HOMILIA DO PADRE RANIERO CANTALAMESSA,
PREGADOR DA CASA PONTIFÍCIA

Basílica de São Pedro
Sexta-feira Santa, 25 de Março de 2005

 

Sexta-Feira Santa de 2005, ano da Eucaristia! Quanta luz, sobre estes dois mistérios, desta aproximação! Mas se a Eucaristia é "o memorial da paixão", como é que a Igreja se abstém de a celebrar precisamente na Sexta-Feira Santa? (Esta não é, como sabemos, uma Missa, mas uma liturgia da Paixão, na qual se recebe apenas o corpo de Cristo consagrado no dia anterior).

Existe nisto uma profunda razão teológica. Quem se faz presente no altar em cada Eucaristia é Cristo ressuscitado e vivo, não um morto. Por isso, a Igreja abstém-se de celebrar a Eucaristia nos dois dias nos quais se recorda Jesus que jaz morto no sepulcro e a sua alma está separada do corpo (mesmo se o não está da divindade). O facto

que hoje não se celebra a Missa não atenua por isso, mas fortalece, o vínculo entre a Sexta-Feira Santa e a Eucaristia. A Eucaristia está para a morte de Cristo como o som e a voz estão para a palavra que fazem ressoar no espaço e chegar aos ouvidos.


***


Há um hino latino, tão querido como o Adoro te devote à piedade eucarística dos católicos, que põe em relevo o vínculo entre a Eucaristia e a cruz, o Ave verum. Composto no século XIII para acompanhar a elevação da Hóstia na Missa, ele é de igual modo adequado para saudar a elevação de Cristo na cruz. São unicamente cinco versos, mas têm um grande conteúdo:

Ave verdadeiro Corpo nascido da Virgem Maria!
Tu sofreste verdadeiramente e imolaste-te pelo homem na cruz.
Do teu lado trespassado saiu sangue e água.
Sê para nós penhor no momento da morte.
Ó Jesus doce, ó Jesus piedoso, ó Jesus filho de Maria!
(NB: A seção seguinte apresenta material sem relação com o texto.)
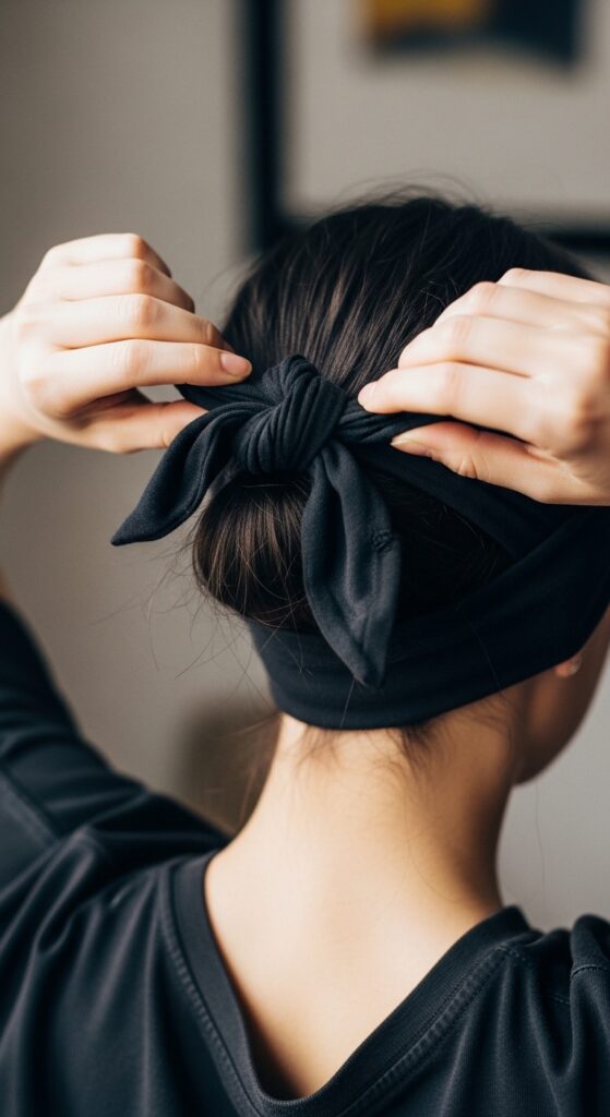 Take the two sleeves and tie them once at the front, over your forehead. Then, take the bottom hem of the shirt and tuck it upwards into the knot you just created.

O primeiro verso fornece a chave para compreender o resto. Berengário de Tours tinha negado a realidade da presença de Cristo no sinal do pão, reduzindo-a a uma presença simbólica. Para tirar qualquer pretexto a esta heresia, começa-se a afirmar a identidade total entre o Jesus da Eucaristia e o da hóstia. O corpo de Cristo presente no altar é definido "verdadeiro" (verum corpus), para o distinguir de um corpo puramente "simbólico" e também do corpo "místico" que é a Igreja.

Todas as expressões que se seguem referem-se ao Jesus terreno: nascimento de Maria, paixão, morte, trespasse do lado. O autor pára neste ponto; abstém-se de mencionar a ressurreição, porque ela poderia fazer pensar, de novo, num corpo glorificado e espiritual, e por conseguinte não suficientemente "real".
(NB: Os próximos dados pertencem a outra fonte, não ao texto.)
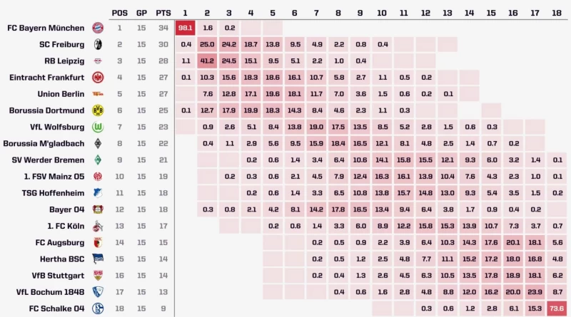 Αυτή τη στιγμή, έχει ποσοστό να βγει 3η στη βαθμολογία 57.9%, πολύ υψηλό νούμερο. Για τη 4η θέση έχει 19%. Πριν τη νίκη της επί της Στουτγκάρδης αυτά τα ποσοστά είχαν μεγαλύτερη απόκλιση. Για την 3η θέση είχε 40.7% και για την 4η 30.1%. Πλέον έχει γερές βάσεις για να κάνει μια εξαιρετική χρονιά.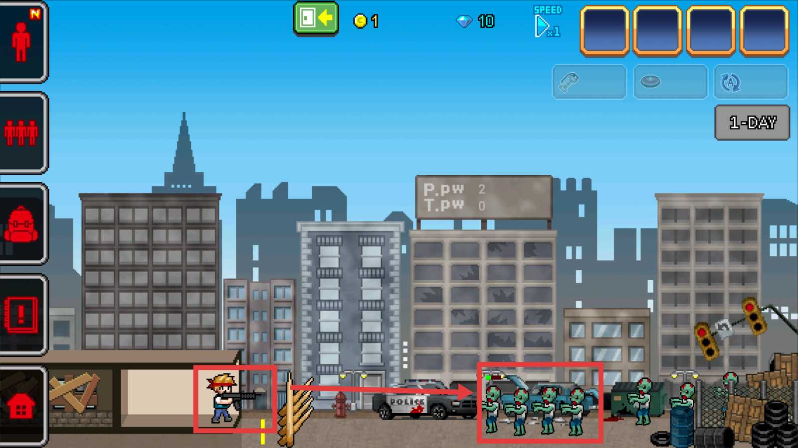 2、操控角色攻击绿色僵尸,积累初始金币,熟悉战斗操作,优先清理近程敌人。

A teologia voltou hoje a uma visão mais equilibrada da identidade entre o corpo histórico e o eucarístico de Cristo e insiste sobre o carácter sacramental, não material (mesmo se real e substancial) da presença de Cristo no sacramento do altar.
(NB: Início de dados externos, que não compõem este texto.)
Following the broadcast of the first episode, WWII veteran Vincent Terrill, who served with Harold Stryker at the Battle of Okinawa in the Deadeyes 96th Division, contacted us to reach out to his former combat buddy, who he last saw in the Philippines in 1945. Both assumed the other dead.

Mas além desta diversa acentuação, permanece intacta a verdade de fundo afirmada pelo hino: É o Jesus nascido de Maria em Belém, o mesmo que "passou praticando o bem a todos" (Act 10, 38), que morreu na cruz e ressuscitou ao terceiro dia, aquele que está presente hoje no mundo, não uma vaga presença espiritual, ou, como diz alguém, a sua "causa". A Eucaristia é a forma inventada por Deus para permanecer para sempre o Emanuel, o Deus-connosco.

Esta presença não é uma garantia nem uma protecção só para a Igreja, mas para todo o mundo.

"Deus está connosco!" Esta frase causa em nós receio e quase já não ousamos pronunciá-la. Deu-se por vezes a ele um sentido exclusivo: Deus está "connosco", compreende-se não com os outros, aliás, é "contra" os outros, contra os nossos inimigos. Mas com o advento de Cristo tudo se tornou universal. "Pois foi Deus quem reconciliou o mundo consigo, em Cristo, não atribuindo aos homens os seus pecados, e pondo em nós a palavra da reconciliação" (2 Cor 5, 19). Todo o mundo, não uma sua parte; todos os homens, não um só povo.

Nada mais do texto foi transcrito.